Assignment ▸ Your answer should be the lines below from the one with "65. Disconnect the" to the one with "當(dāng)日16時許,記", both included, given again exactly and with nothing added.

Dataset extract ▸
········

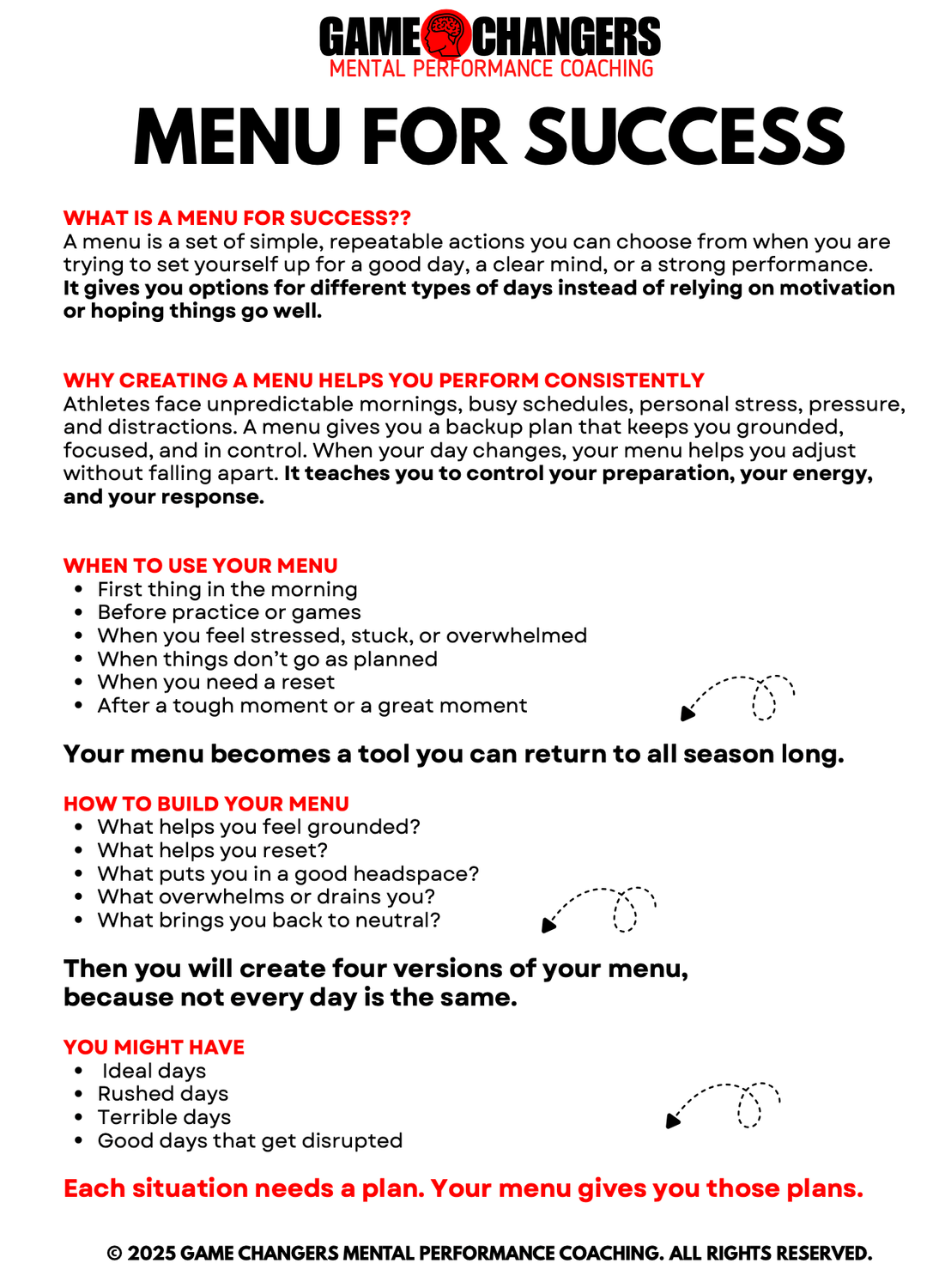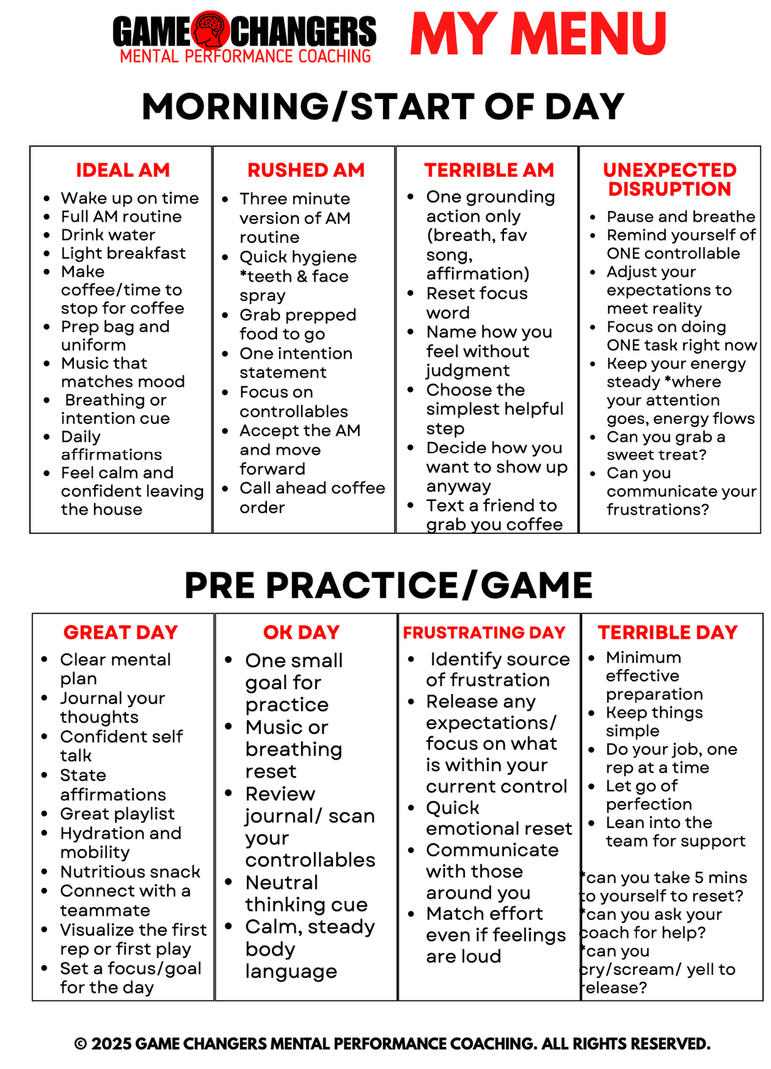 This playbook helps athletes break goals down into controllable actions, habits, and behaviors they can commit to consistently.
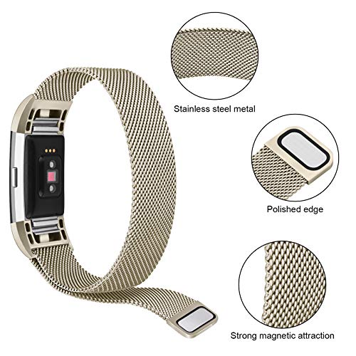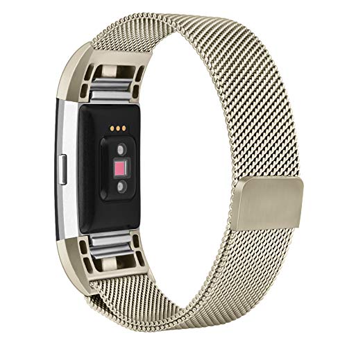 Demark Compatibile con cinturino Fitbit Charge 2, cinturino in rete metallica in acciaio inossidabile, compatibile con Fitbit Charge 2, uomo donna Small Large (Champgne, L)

········

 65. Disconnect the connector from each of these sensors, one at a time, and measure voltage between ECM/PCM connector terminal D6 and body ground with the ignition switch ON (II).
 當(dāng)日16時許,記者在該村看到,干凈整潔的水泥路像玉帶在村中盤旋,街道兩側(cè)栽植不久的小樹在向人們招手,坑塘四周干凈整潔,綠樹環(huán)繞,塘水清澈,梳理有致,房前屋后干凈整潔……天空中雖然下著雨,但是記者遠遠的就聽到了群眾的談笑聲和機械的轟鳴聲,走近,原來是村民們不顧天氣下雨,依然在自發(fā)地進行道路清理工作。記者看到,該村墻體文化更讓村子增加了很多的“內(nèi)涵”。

········

Exercise solution ▸
 65. Disconnect the connector from each of these sensors, one at a time, and measure voltage between ECM/PCM connector terminal D6 and body ground with the ignition switch ON (II).
 當(dāng)日16時許,記者在該村看到,干凈整潔的水泥路像玉帶在村中盤旋,街道兩側(cè)栽植不久的小樹在向人們招手,坑塘四周干凈整潔,綠樹環(huán)繞,塘水清澈,梳理有致,房前屋后干凈整潔……天空中雖然下著雨,但是記者遠遠的就聽到了群眾的談笑聲和機械的轟鳴聲,走近,原來是村民們不顧天氣下雨,依然在自發(fā)地進行道路清理工作。記者看到,該村墻體文化更讓村子增加了很多的“內(nèi)涵”。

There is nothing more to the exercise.